Addressing workers at the May Day Parade on Sunday at the Independence Square, he said the revision and implementation of the Act would compel employers to provide ample safety measures to protect workers.
It would also empower governmental authorities to punish employers who flout the law.
The celebration attracted labour unions and workers from both the public and private sectors with workers wielding placards, some of which read: ”May Day Without Pay;” “Mr President Railway Workers Salute You for Your Work so Far;” “No Good Pay, No Elections 2012;” and “Single Spine Pay, Too Small.”
It was also attended by government officials, made up of Mr Enoch Teye Mensah, Minister of Employment and Social Welfare, Ms Hannah Tetteh, Minister of Trade and Industry, Nii Armah Ashietey, Greater Accra Regional Minister, Mr Antwi Bosiako-Sekyere, Deputy Minister of Employment and Social Welfare, Mr Elvis Afriyie Ankrah, Deputy Minister of Local Government and Rural Development and Mr Alfred Vanderpuye, Mayor of Accra.
Vice President Mahama said the rate at which disasters were befalling Ghanaian workers was unacceptable and gave the assurance that the review of the Act 328 would provide adequate powers to sanction defaulters.
He said the migration of 33 public institutions onto the single spine salary structure was an indication of government’s commitment to improve on the remunerations and general terms and conditions of Ghanaian workers.
The Vice President said the government would soon come out with measures that would bridge the yawning gender disparity in the public sector and called on organised labour and various gender advocates to support government with the necessary information that would achieve that goal.
He expressed the government’s condolence to families of workers who recently died in a Tema steel company and gave the assurance that the government would strengthen the Inspectorate Division of Ministry of the Employment and Social Welfare to avoid similar incidents.
The theme for this year’s celebration is: “Decent Work for Sustainable Economic Decelopment.”
Mr Kofi Asamaoah, Secretary General of Ghana Trades Congress Union, said more than 50 percent of workers in Ghana do not enjoy decent salaries, a situation, he said, was a total departure from the demands of the International Labour Organization laws passed in 1999 on decent jobs and decent salaries.
The Secretary General, therefore, appealed to the government to develop the necessary infrastructure that would improve on workers’ salaries to increase productivity in the public sector.

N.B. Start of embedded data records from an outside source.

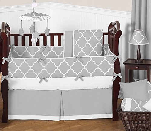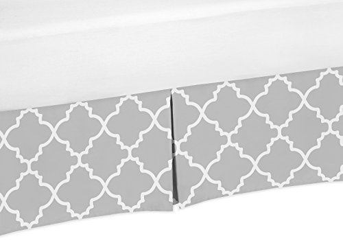 Gray and White Crib Bed Skirt Dust Ruffle for Girls or Boys Gender Neutral Trellis Collection B...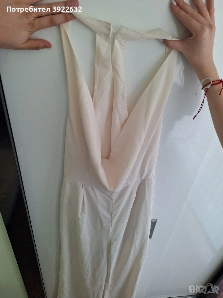 Продавам елегантна дамска рокля в нежен пастелен кремав цвят, размер S. Моделът е много стилен и стои изключително женствено. Дълбоко деколте отпред Ефектен отворен гръб с падащ дизайн Лека и ефирна материя Елегантна кройка, която подчертава фигурата Подходяща за летни събития и специални поводи Подходяща за вечерни излизания, партита, празници или официални събития. Размер: S Състояние: много добро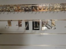 Predám háčiky, košíky a poličky do drážkových panelov. Háčiky mám v rôznych hrúbkach a dĺžkach. Jednoduché krátke 4 cm háčiky cena 0,5 eur/kus. Jednoduché 10 cm dlhé háčiky cena 1 eur/kus. Dvojité 10 cm dlhé háčiky 1,5 eur kus. Jednoduche 14 cm dlhe haciky 1,5 eur kus. Dvojité 16 cm dlhé háčiky 2 eur /kus. Polička z plexiskla dĺžka 60 cm, hĺbka 5 cm a výška 6 cm cena 5 eur kus. Drôtený košík do drážkového panelu dĺžka 65 cm, hĺbka 12 cm, výška 9 cm, cena 5 eur / kus. Biela kovová polica hĺbka 20 cm cena 10 eur / kus. Mám zo všetkého desiatky až stovky kusov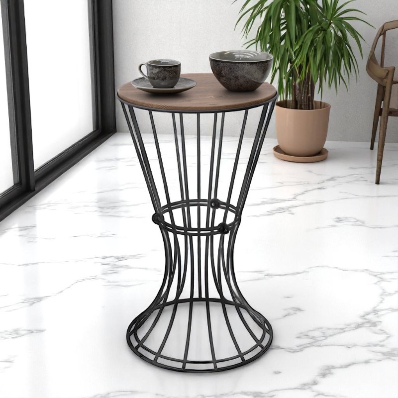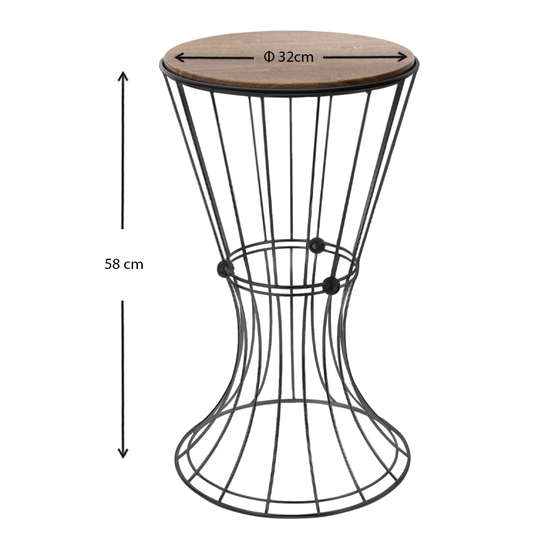 Βοηθητικό τραπεζάκι Girene μεταλλικό - Mdf χρώμα μαύρο - καρυδί 32x32x58εκ.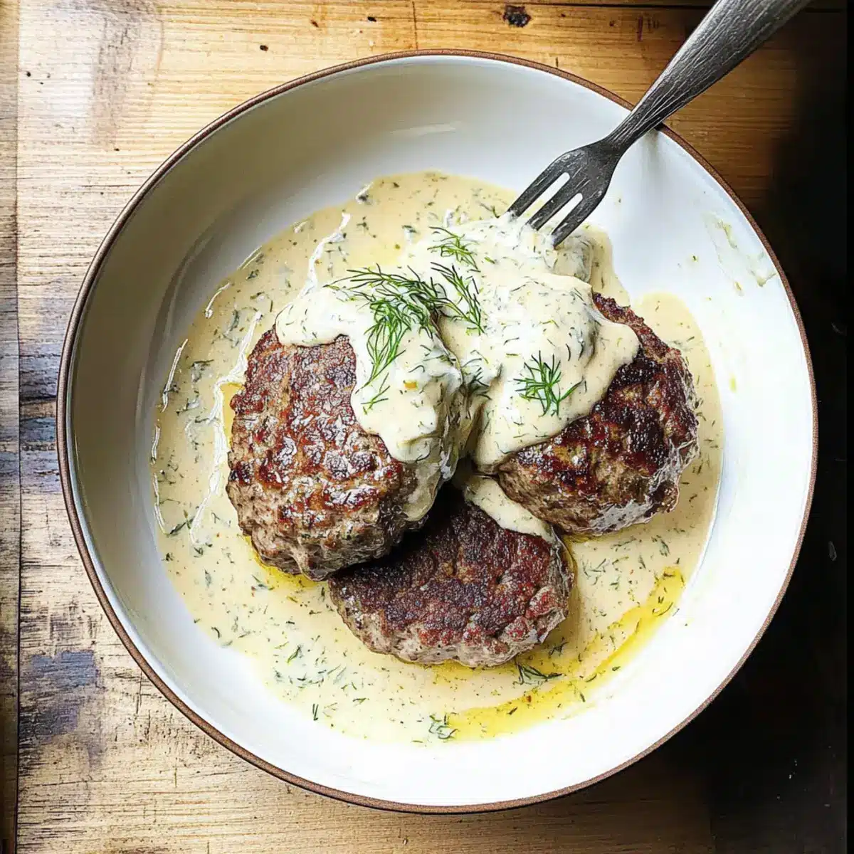 Savory Hamburger Steaks in Creamy Dill Sauce for Quick Comfort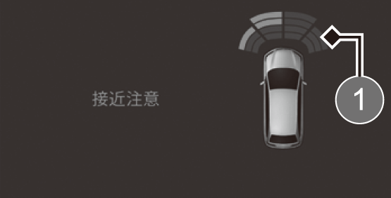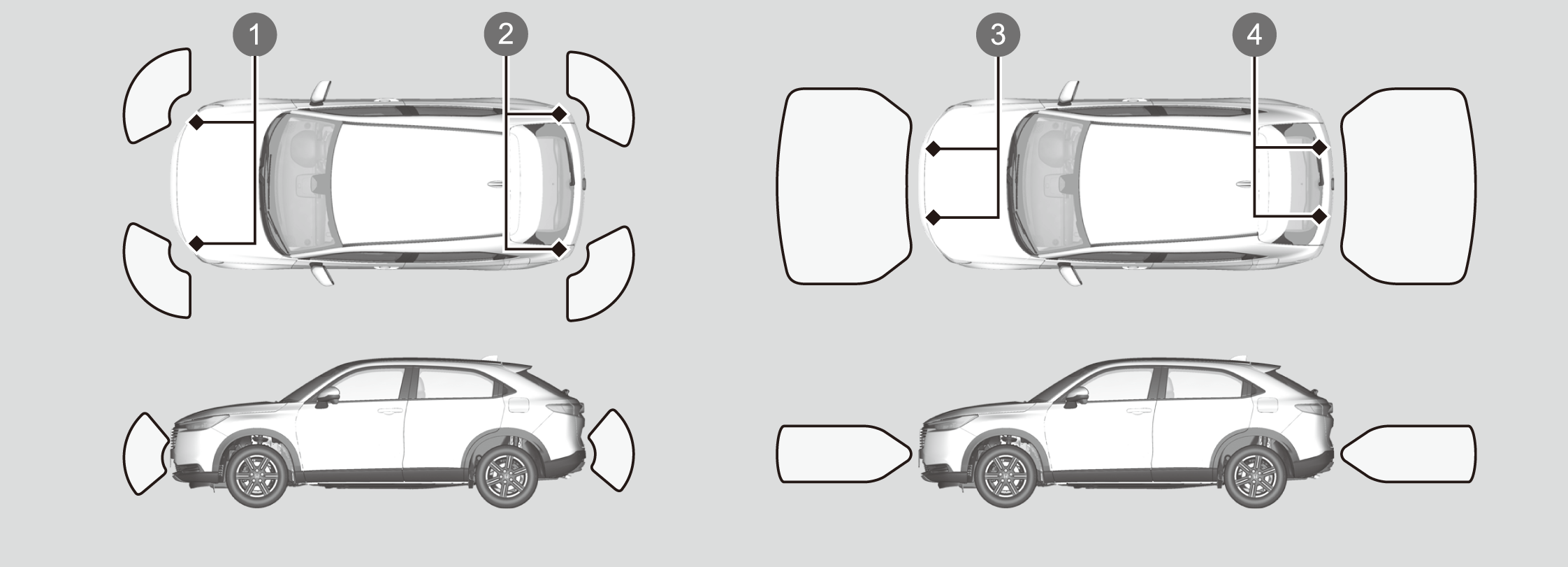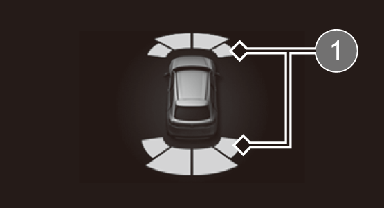 車両前方のフロントセンターセンサーおよびフロントコーナーセンサーと車両後方のリヤセンターセンサーおよびリヤコーナーセンサーが障害物を検知し、障害物と車両の距離をブザーとマルチインフォメーションディスプレイとオーディオ/ インフォメーション画面✤で知らせます。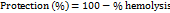 The HRBC membrane protection percentage was calculated with Eq. (2):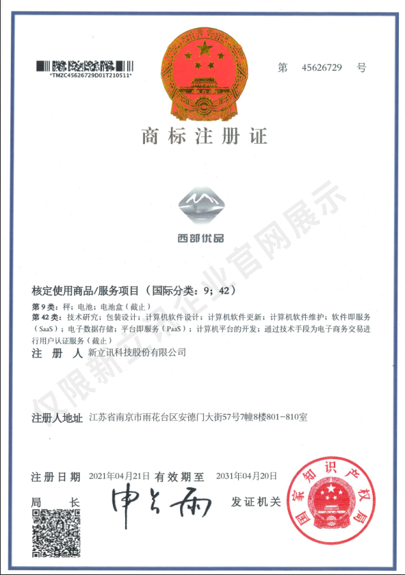 • 2021-06-04第45626729號西部優品商標注冊證(國際分類:9;42)查看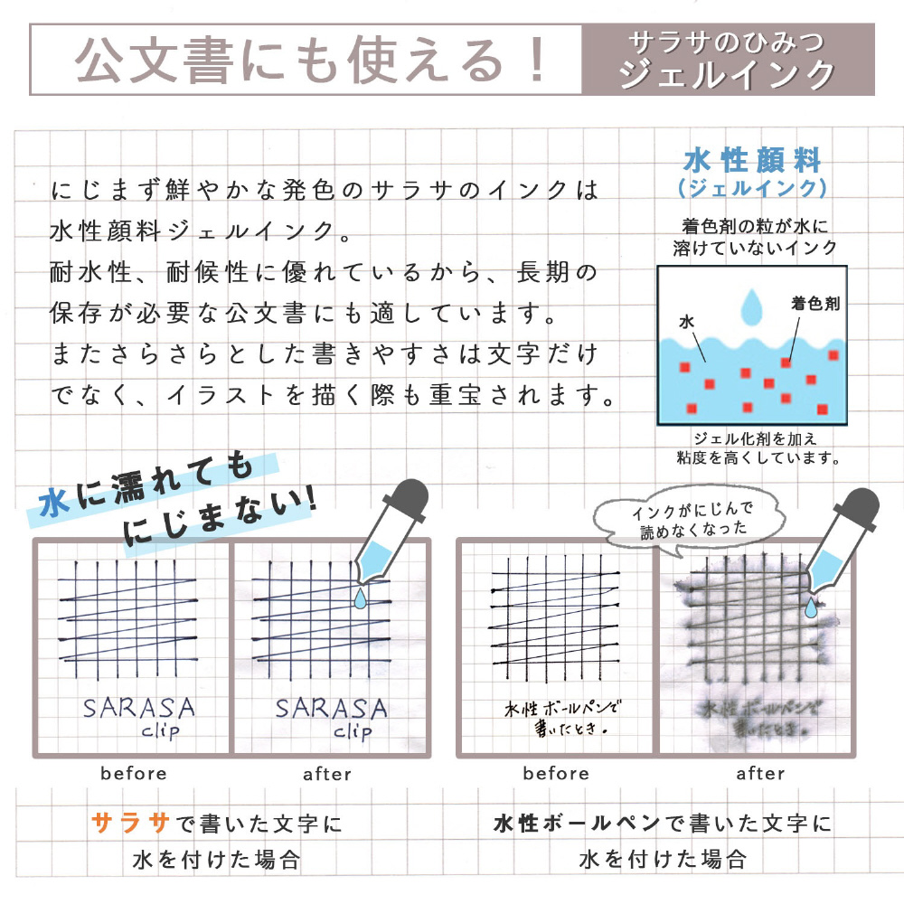 ジェルインクなので、さらさらとしたなめらかな書き味です。耐水性に優れた水性顔料だから、濃くてにじまず、鮮やかな発色と豊富な色が楽しめます。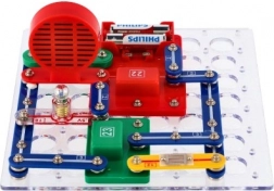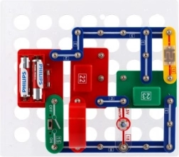 This educational electronics kit guides you from simple connections to more advanced projects. Thanks to the clear instructions and snap connectors, you can safely assemble circuits without soldering – for example, an automatic night light, a buzzer, switches, or simple alarms.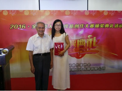 7月9日,由全球华人词曲作家协会和北京环球绽放文化传媒有限公司共同主办的“2016·全球华人词曲作品创作大赛”颁奖典礼在北京大红门国际会展中心圆满结束。在此次比赛中,我们suncitygroup太阳集团音乐科技与应用专业的研究生章子雪同学呈交的歌曲作品《墨萱图》(王冕词,章子雪曲)荣获歌曲类—铜奖。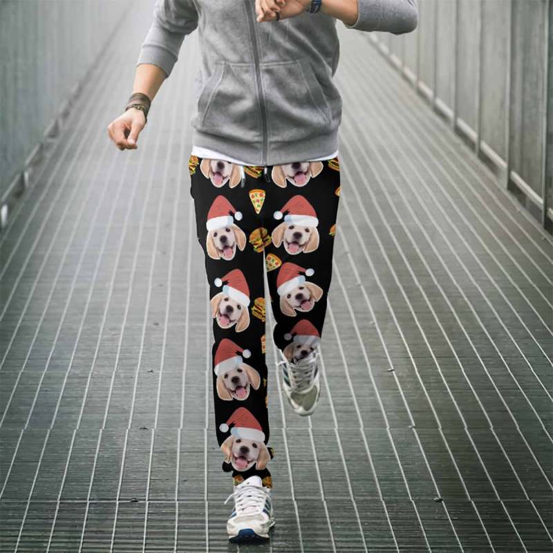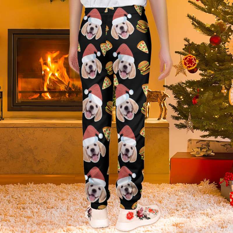 Custom Face Christmas Sweatpants Unisex Joggers with Pizza and Burger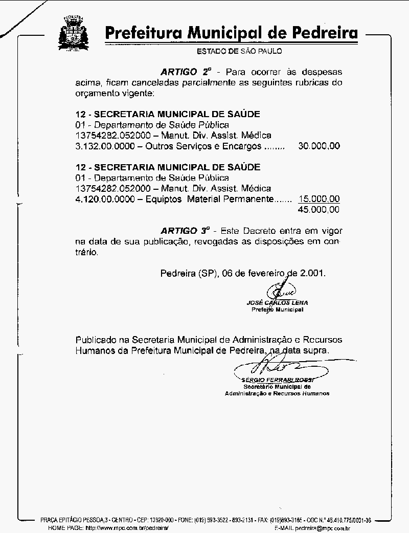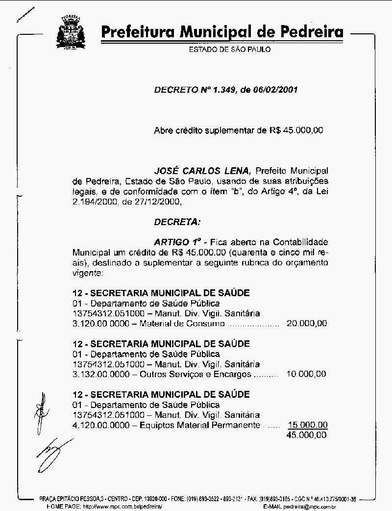 Ementa: Abre crédito suplementar de R$ 45.000,00

Mr Asamoah called on employers, particularly those in the private sector, to allow their employees to join unions of their choice to enable them to bargain for better working conditions.
He attributed the high rate of hawking in the major cities of the country to lack of employment and appealed to the government to open up job opportunities for the teeming youth from the tertiary institutions.
He called on politicians and civil society organizations to exhibit maturity in their campaigns by avoiding politics of lies, insults and attacks.